Outrage over piracy law may lead to clarification

Michigan has been taking a beating in the high-tech press and in Net chat rooms over an update to the state’s penal code that free speech activists claim is an unreasonable effort to stop Internet piracy.


Critics of Public Act 672, which was signed into law Dec. 30 by former Gov. John Engler, claim legislators were pressured by the Motion Picture Association of America (MPAA) into accepting changes to the state’s telecommunications law that could prohibit people from having firewall protections on their home computers or from using things like Virtual Private Networks (VPNs), a popular way many workers use to connect from home to the computer system back at the office.

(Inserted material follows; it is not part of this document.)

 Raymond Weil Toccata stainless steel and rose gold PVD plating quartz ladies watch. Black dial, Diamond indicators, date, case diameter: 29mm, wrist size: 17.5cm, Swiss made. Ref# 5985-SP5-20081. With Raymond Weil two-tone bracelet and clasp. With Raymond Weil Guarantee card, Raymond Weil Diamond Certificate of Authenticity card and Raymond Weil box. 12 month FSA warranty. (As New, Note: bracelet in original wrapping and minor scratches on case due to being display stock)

“That is not the intent at all,” said state Rep. James Koetje, R-Walker, the sponsor of the update. “These people either haven’t read the bill or have misunderstood it. All the new wording does is prohibit attempts to defraud, or unlawful use of electronic devices.”


Not so, says the Electronic Freedom Foundation (www.eff.org), which claims that the language of the state’s bill is “so broad that it could ban critical security and privacy tools online as well as restrict what machines you can connect to the cable, satellite and Internet lines in your home.”

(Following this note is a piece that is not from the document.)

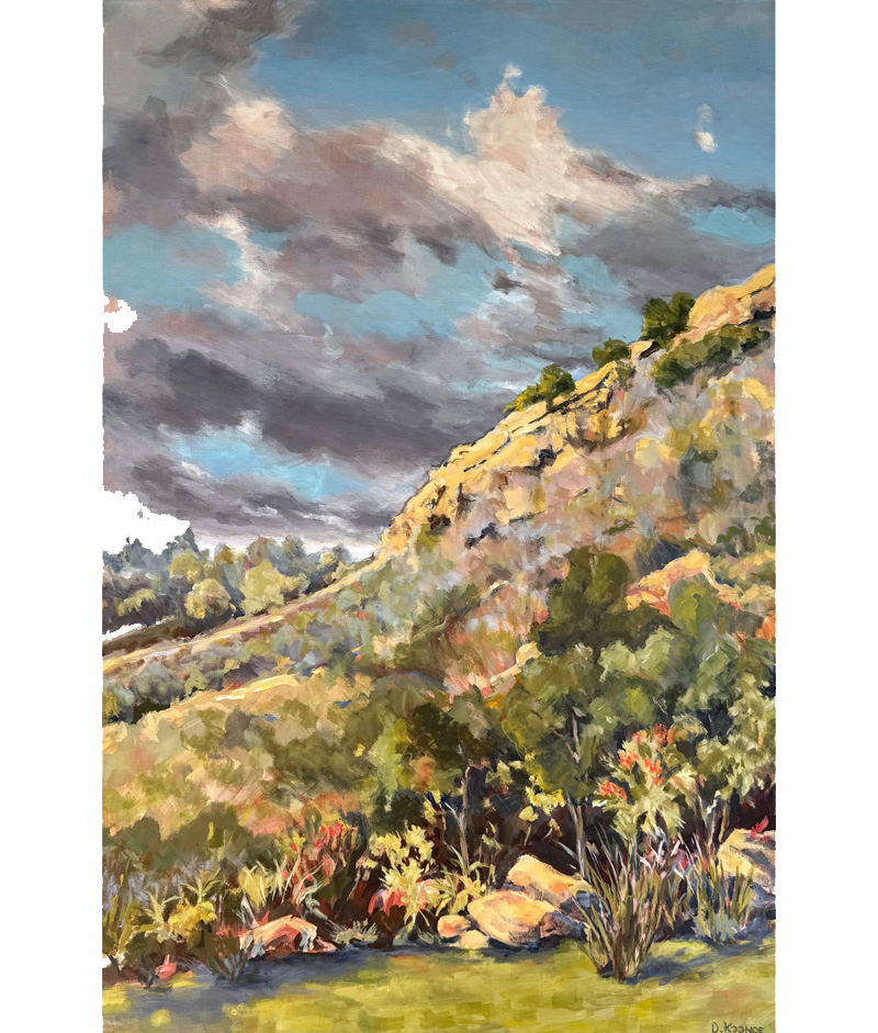 A painter of landscapes who specializes in the exploration of the uses of light and shadow in oil and acrylic media, Debby Koonce is inspired by vistas, architecture, quaint alleyways, gated compounds and garden settings. Her sense of color and scale and interplay of dark and light are focused to create a feeling of realism that is heightened by imagination.

Koetke acknowledged that movie lobbyists weighed in on the updated Michigan law and offered lots of suggestions. But the law, he said, “is not intended to make criminals out of people who have security or privacy features on their Internet connections.”


The movie industry claims it loses $3 billion annually to piracy and that new privacy and file-swapping technologies make it even easier to steal and illegally distribute movies on the Internet by encoding or scrambling digital communications.

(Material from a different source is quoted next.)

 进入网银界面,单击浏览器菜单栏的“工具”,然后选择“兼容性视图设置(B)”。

The outrage has been so strong over the new law that Koetje told me he thinks it needs to be brought back to the Legislature to add language that makes plain that what is being banned is theft of copyrighted information.


“This is not as scary or horrific as some people are saying,” Koetje said. “We need to make that clear so everyone will settle down.”
Bill would prohibit disposable phones


State Rep. Chris Kolb, D-Ann Arbor, has a high-tech issue of his own: He wants a ban on disposable cell phones.


Although the electronics industry has yet to make or market a disposable phone, trade publications have hinted that one day soon consumers will be able to buy a wireless phone good for a certain number of calls or minutes in limited areas. After that, they would stop working and could be tossed away.


Kolb has introduced a bill to prohibit disposable phones. He has environmental concerns over the lead and other materials used in the batteries and circuit boards.
High-tech novel close to the real thing


I received a nice note from Dexter author Tom Grace, who has been getting lots of recent praise from critics as a writer of high-tech fiction along the lines of Tom Clancy.


Grace said until he read a column of mine a couple of weeks back about an Ann Arbor company doing DNA sequencing research, he didn’t know how close his current paperback novel “Twisted Web” (Pocket Books, $6.99) really is to fact.


Seems a character in his book works at a fictitious company with a similar name in the state’s Life Sciences Corridor.


“Twisted Web” is the third of Grace’s adventure novels about a globe-trotting ex-Navy Seal. Its plot revolves around some kinky DNA manipulations that threaten mankind.